A verification re-runs the manifest’s subject-scoping as a read and counts what is left for the subject, per table. It proves execution fidelity — that a caller trigger, an FK cascade, an ORM event, or a partial commit did not resurrect rows the plan deleted — and nothing wider. Three boundaries are load-bearing and deliberately not covered:
- It re-reads the same annotated surface the plan was built from, so PII that was never annotated is invisible by construction; this is not a discovery-completeness check.
- A row orphaned off the subject’s path (reachable by no hop chain to the subject) is unreachable by the scoping predicate, so it is invisible here too.
- Anonymized cell values are not verified — surrogates are random, never NULL, so without a before-state a reader cannot distinguish a surrogate from an original. Confirming a value was rewritten needs a before-state and is out of scope.
The hard assertion is therefore narrower than “everything is gone”:
verified is true iff every row-deleted table holds zero
subject-scoped rows. surviving is informational only — anonymize
and retain tables keep rows by design — and never flips verified.
Fields:
- residual (
dict[str, int]): Per-table leftover subject-scoped row counts for tables the plan whole-row deletes;verifiedis the claim that all of these are zero. - subject_id (
ValidatedSubjectId): The subject whose surface was read back — echoed back from the call (single-columnstror compositeCompositeSubjectId). - surviving (
dict[str, int]): Per-table subject-scoped row counts for tables the plan anonymizes in place or retains — expected to be non-zero, reported for the record, never a failure. - verified (
bool):Trueiff every row-deleted table is empty for this subject (residualis all zero). - verified_at (
datetime): When the read-back ran (UTC).
StepExecutor
Section titled “StepExecutor”Protocol — implement these members in your own class; do not subclass.

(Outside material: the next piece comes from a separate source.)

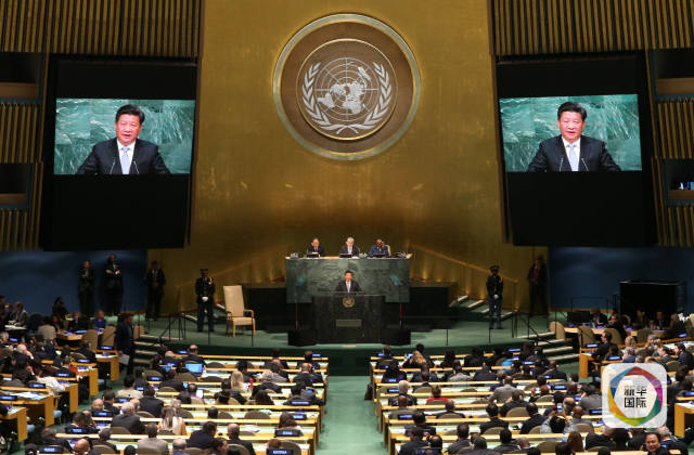 2015年9月26日至28日,習(xí)近平主席在紐約出席聯(lián)合國成立70周年系列峰會。

class StepExecutor(Protocol): ...Anything that can execute one local erasure step for one subject.
The storage-specific half of erase_subject: it turns a step plus the subject graph’s hop chains
into subject-scoped statements in the caller’s open transaction. The
SQLAlchemy implementation is
ErasureExecutor.
StepExecutor.execute
Section titled “StepExecutor.execute”def execute(session: Session, graph: SubjectGraph, step: ErasureStep, subject_id: SubjectIdentifier) -> intRun one local step scoped to one subject.

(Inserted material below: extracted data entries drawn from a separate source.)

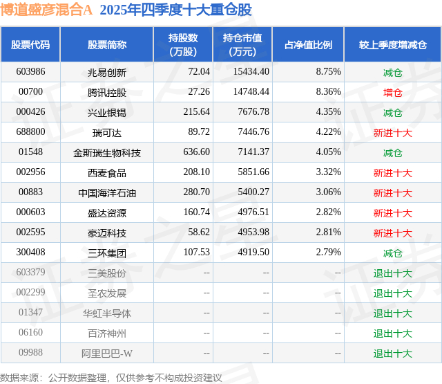 博道盛彦混合A的前十大重仓股如下:
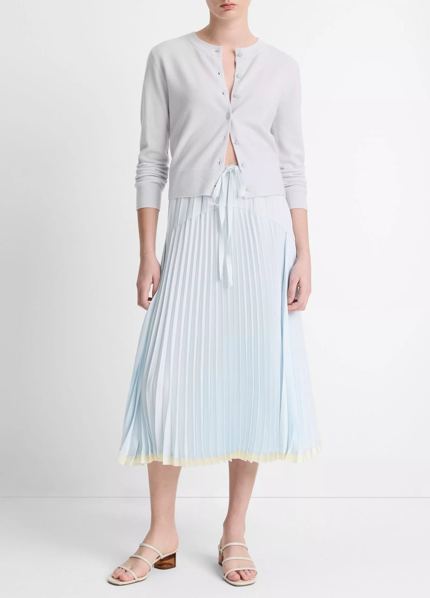 Our slim cardigan is knit from a sumptuous blend featuring wool and cashmere that boasts a compact, clean and lightweight feel. Take heed: we've discreetly finished it with a contrast-colored half-moon detail at the interior of the nape.
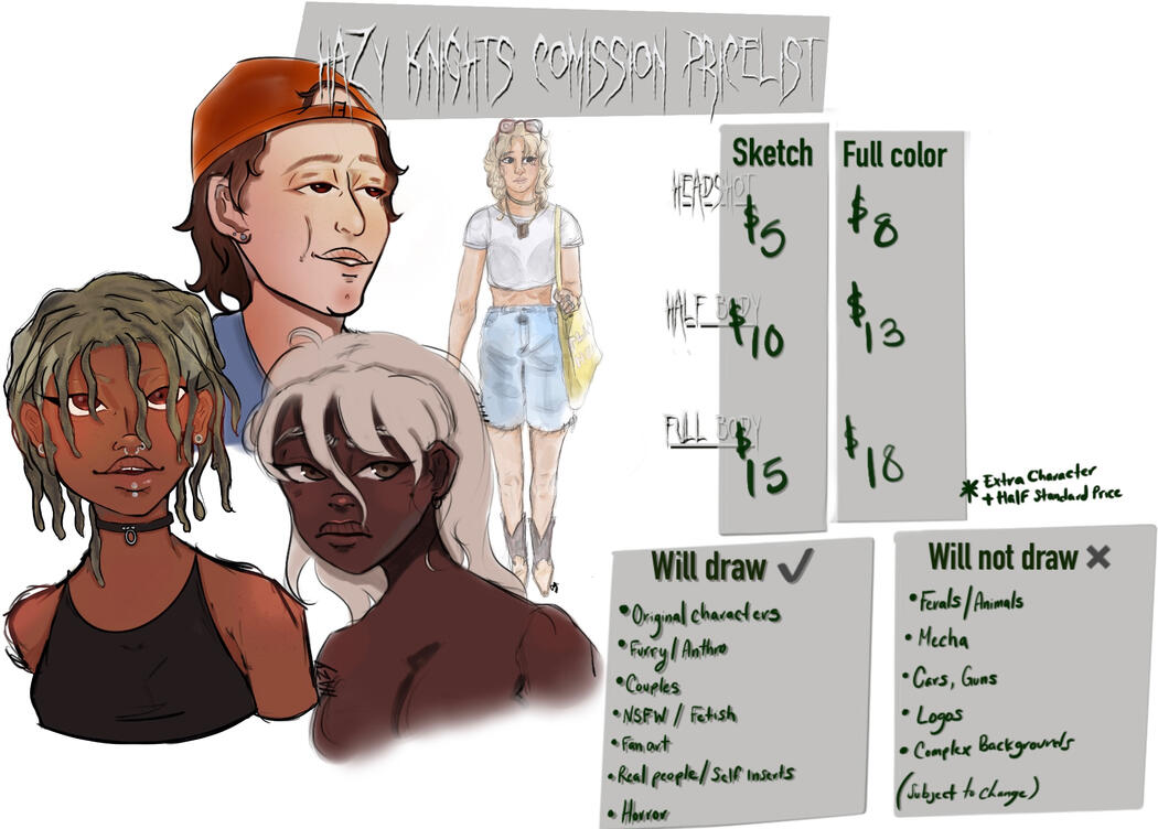 Prices are subject to change over time.✦ I take payment once the initial sketch is completed.✦ I have the right to deny service if I’m not comfortable with your project.✦ If your comm has a date it needs to be due by, please let me know upon ordering.

Implementations must never commit or roll back the session — the
step is durable exactly when the caller’s transaction is. DELETE
removes the matched rows, ANONYMIZE rewrites the step’s columns
with irreversible surrogates, and RETAIN touches nothing and
only counts what stays.
Args:
- session (
Session): The caller’s open session. - graph (
SubjectGraph): Resolved hop chains from each table to the subject. - step (
ErasureStep): The local step to run. - subject_id (
SubjectIdentifier): The subject identifier (single-columnstror compositeCompositeSubjectId).
Returns:
int— The number of rows the step covered (deleted, anonymized, orint— counted as retained).
Raises:
ConfigurationError— If the step is external — resolver calls never run inside the local transaction.